1. Plocamadiene A is a polyhalogenated monoterpene, (1R, 2S, 4S, 1′E)-2-bromo-l-chloro-4-(2′-chloroethenyl)-I-methyl-5-methylenecyclohexane, isolated from red marine algae of the Plocamium genus. 2. This study examined the activity of plocamadiene A on guinea-pig isolated ileum (GPI) and subsequently on rat isolated peritoneal mast cells. 3. Plocamadiene A (1 μg/mL) produced a slow onset, sustained contraction of the GPI. This was insensitive to atropine (1 μmol/ L) and tetrodotoxin (1 μmol/ L), but was significantly reduced by H₁-histamine receptor antagonists including mepyramine (10 nmol/L), chlorcyclizine (10 nmol/L) and diphenhydramine (0.1 μmol/L).

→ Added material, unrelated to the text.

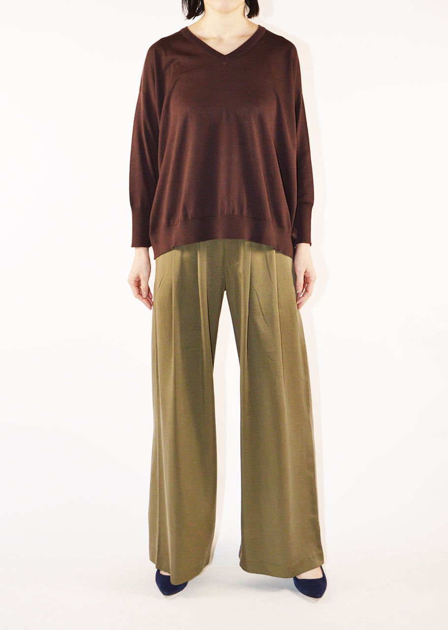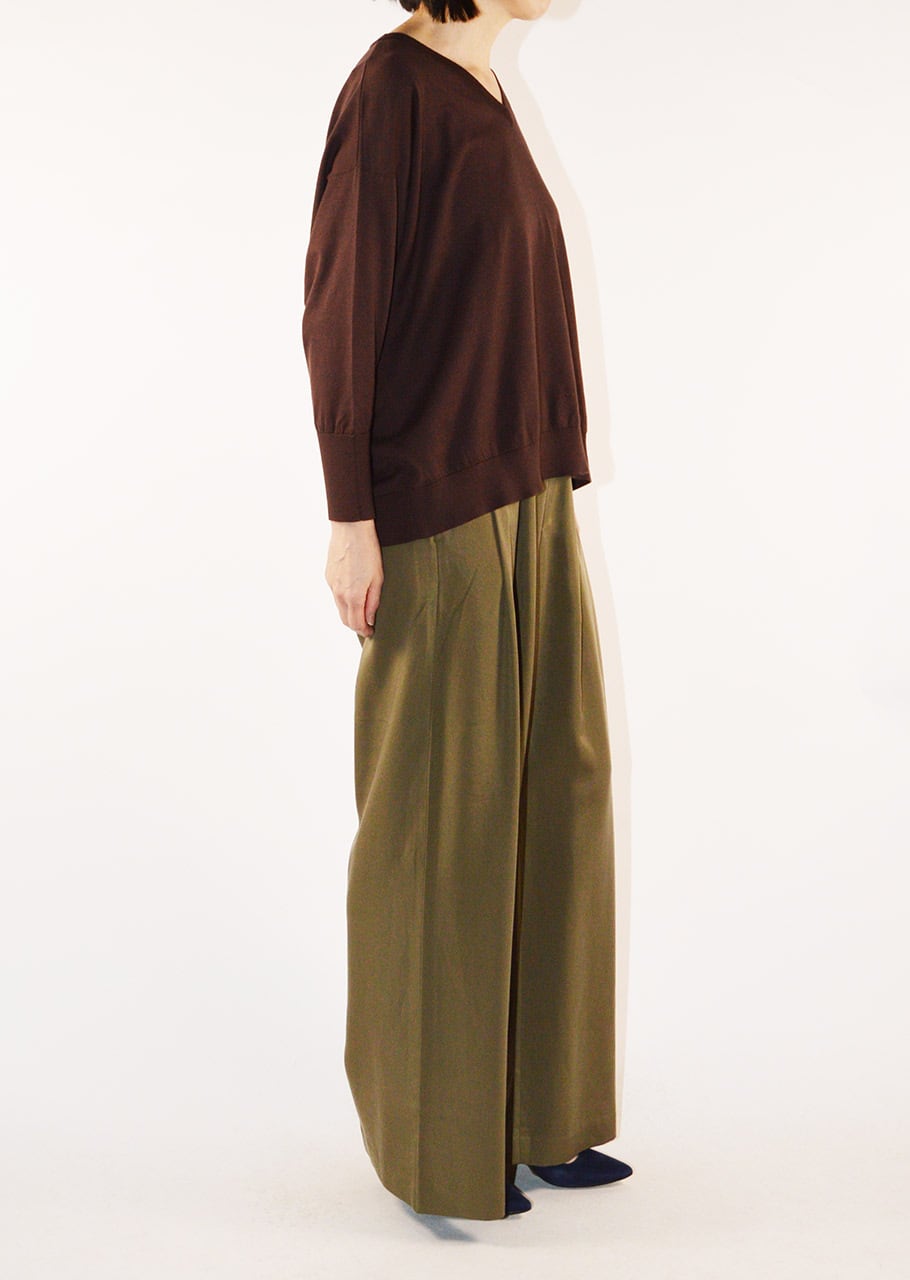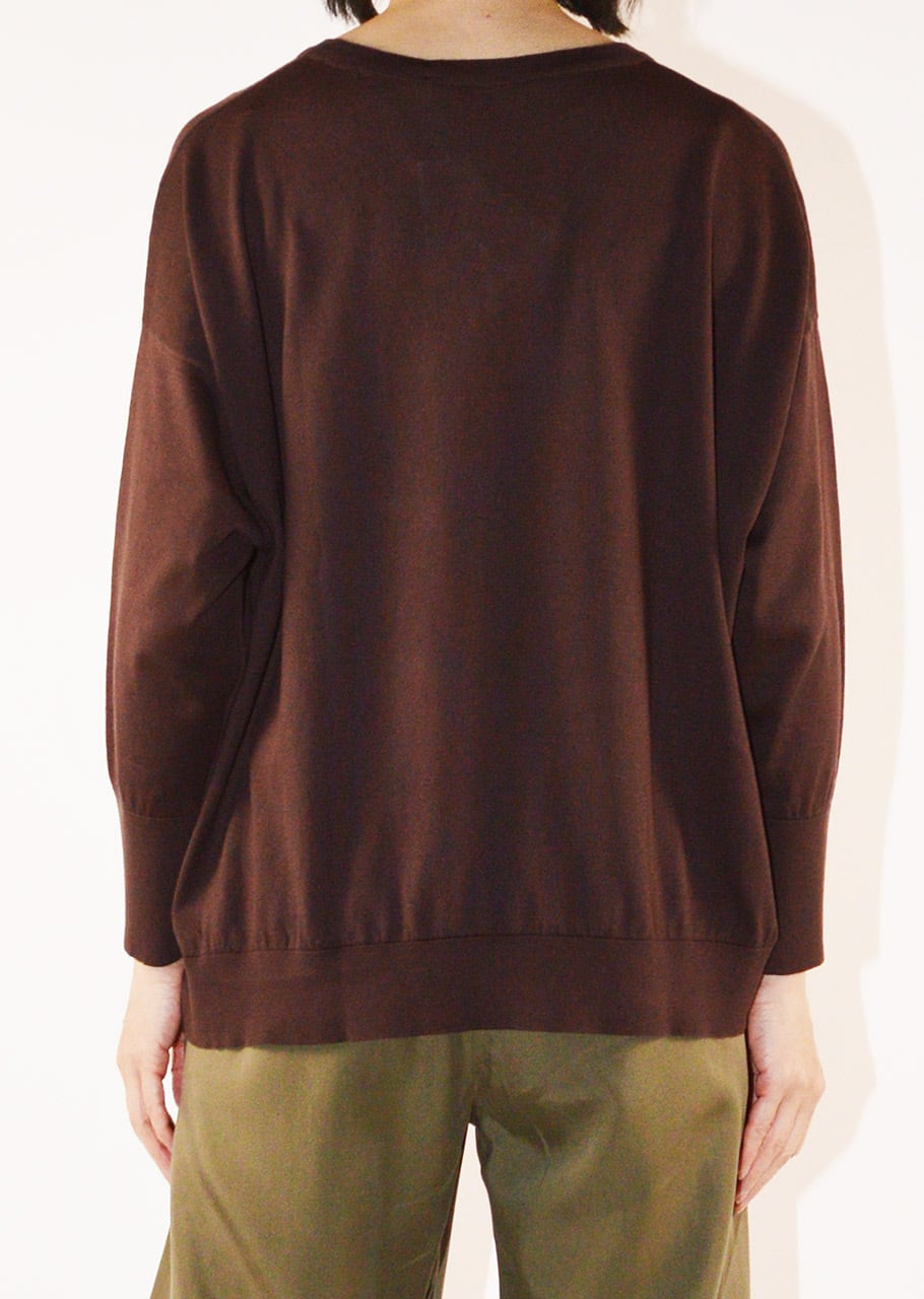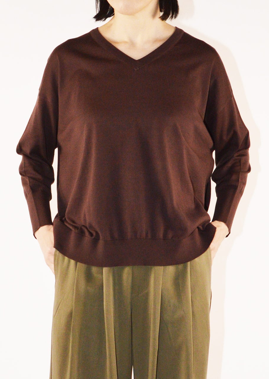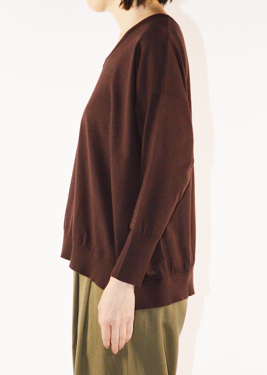 30ゲージのワイドシルエットのVネックプルオーバー。襟ぐりが太めのバンドの仕様になっていることで顔周りをすっきりと見せてくれネック周りに絶妙なニュアンスをもたらします。美しくきめ細かな質感で、薄手かつ軽量、快適で心地よい着用感の30ゲージシーアイランドコットンを使用しています。

The H₂-histamine receptor antagonists cimetidine (0.1 μmol/L) and ranitidine (10 nmol/L) potentiated the response to plocamadiene A (1 μg/mL). 4. The amplitude of contraction caused by plocamadiene A (1 μg/mL) gradually decreased when the compound was applied repeatedly to the GPI for 5 min every 10 min for 150 min. 5. Contractions to plocamadiene A (1 μg/mL) were reduced to approximately 66% of the time control in ovalbumin-sensitized GPI challenged with ovalbumin to release endogenous contractile agents. 6. Cromolyn (0.1 mmol/ L) inhibited (by 40%) the response in the GPI caused by plocamadiene A (1 μg/mL) as compared with time controls. 7. Spectrofluorometric assay suggested that both plocamadiene A (10 μg/mL) and compound 48/80 (10 μg/mL) caused histamine release from rat peritoneal mast cells in vitro. This release of histamine was reduced by cromolyn (100 μg/mL). 8. This study concluded that plocamadiene A releases histamine from mast cells of the GPI and peritoneal mast cells in the rat.